Barori retained support in the East Bengal Legislative Assembly group of the party, whilst the dissident group (led by Rasaraj Mandal) controlled the party organization. A second minor split occurred in the Barori group, seemingly caused by personal issues.

==1954 elections==
Three different groups participated in the 1954 East Bengal Legislative Assembly election, claiming to be the genuine Scheduled Castes Federation - led by D.N. Barori, Rasaraj Mandal and H.C. Burmen respectively. The Barori group, which supported separate electorates, enjoyed the support of the Pakistan Muslim League. The Mandal group, which supported joint electorates, had tacit support from the Minority United Front. The United Progressive Party (formerly Gana Samity) had sought appealed to the Mandal group to contest under the banner of the Minority United Front, but for Mandal's group it was important not to allow the Barori group to be able to use the party name 'Scheduled Castes Federation' alone in front of the Scheduled Castes voters.

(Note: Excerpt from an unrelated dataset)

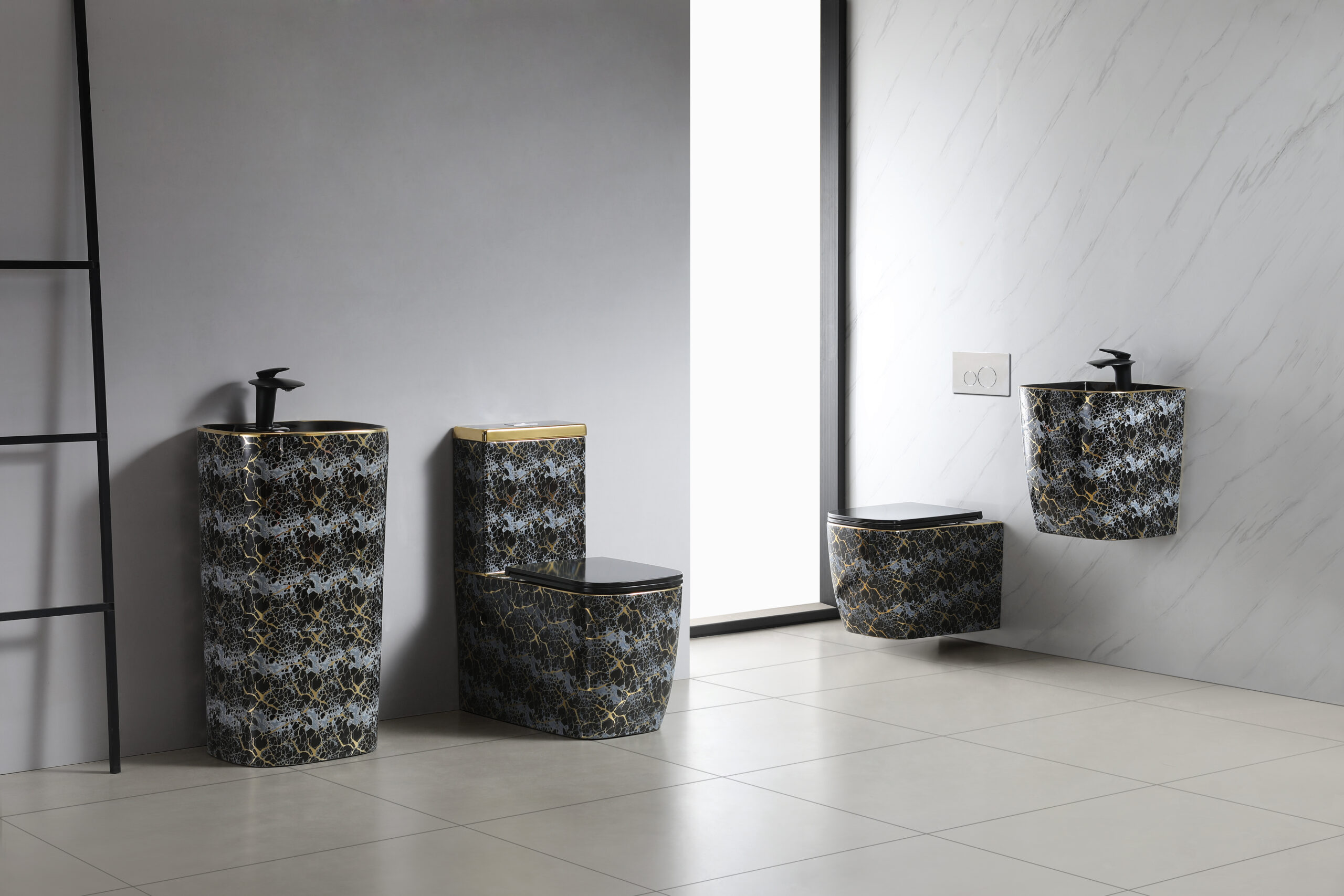 Luxury Ceramic Sanitary Wares Combo Floor Mounted One Piece Grey with Gold Pattern Basin Pedeatral Sinks Bathroom Washbasin

The Mandal faction emerged successful, winning 27 out 38 seats reserved for Scheduled Castes. The Barori faction didn't win a single seat, with Barori himself forfeiting his deposit after having lost his seat to Gour Chandra Bala.

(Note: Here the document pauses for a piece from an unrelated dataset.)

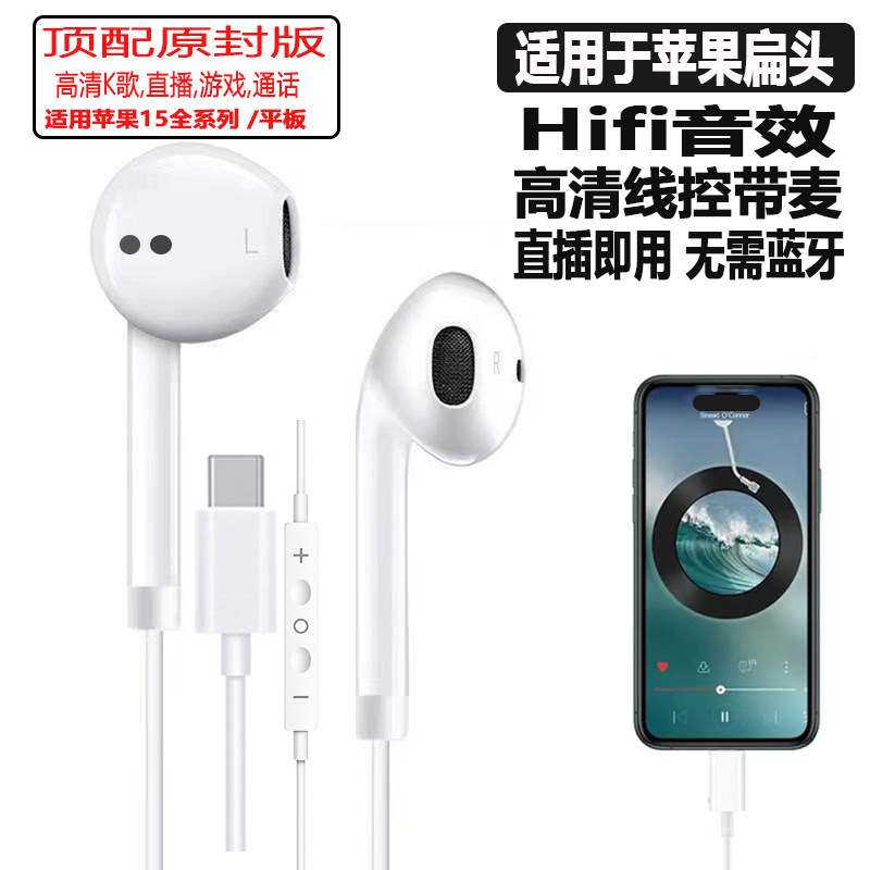 适用于苹果有线耳机15pro/14/13/12/11/ipad原装K歌直播游戏耳机

In 1955 the Scheduled Castes Federation obtained three seats in the second Constituent Assembly of Pakistan (with Rasaraj Mandal being one of the three members).

==Coalition government period and party split==
The party was part of the first coalition government of Pakistan (led by Chaudhry Muhammad Ali, August 11, 1955 – September 12, 1956), the second coalition government of Pakistan (led by Huseyn Shaheed Suhrawardy, September 12, 1956 – October 17, 1957) and the fourth coalition government of Pakistan (led by Feroz Khan Noon, December 16, 1957 – October 7, 1958).

Akshay Kumar Das, President of the Working Committee of the East Bengal Scheduled Castes Federation, was sworn in as Minister of State for Economic Affairs in the Pakistan government on September 26, 1955. A year later Rasaraj Mandal, then the general secretary of the party, was sworn in as a Minister of State for Economic Affairs in the Pakistan government. With Mandal taking a ministerial role at the Centre, whilst his inner-party rival Gour Chandra Bala was elected as leader of the Scheduled Castes Federation in the East Pakistan Provincial Assembly. At the time six of the Scheduled Castes Federation assembly members belonged to the Rasaraj Mandal group, with another 21 belonging to the Bala group. A resolution was passed in the party that Bala would not join the provincial government. However Bala soon took up ministerial post in East Pakistan. When the Suhrawardy government at the Centre fell in March 1958, Mandal was left without a ministerial berth and Bala became a minister in East Pakistan. In response Mandal went into opposition.

In East Pakistan, the party was part of the Abu Hussain Sarkar provincial cabinet between June 1955 and August 1956. When the Awami League formed a provincial government led by Ataur Rahman Khan in September 1956, part of the Scheduled Castes Federation went into opposition whilst another supported the government from outside. The party was part of the short-lived second Abu Hussain Sarkar government, in power between March 31 and April 1, 1958. When Ataur Rahman Khan again formed a provincial government in April 1958 the Bala group joined it but the Mandal group went into opposition.

With the deepening of the Mandal-Bala split during the budget session in the East Pakistan Provincial Assembly in 1958, the party organization disintegrated. With the divided party leadership fully embroiled in the legislature, the party organization outside parliament became inactive. Another key issue that forced the party into quick decline was the introduction of unified geographic constituencies across Pakistan.

==Bangladeshi independence==
In 1971 the party led by Rasaraj Mandal took the name Bangladesh Tafsili Jati Federation. Rasaraj Mandal revived the party after the promulgation of the Political Parties Regulation in July 1976.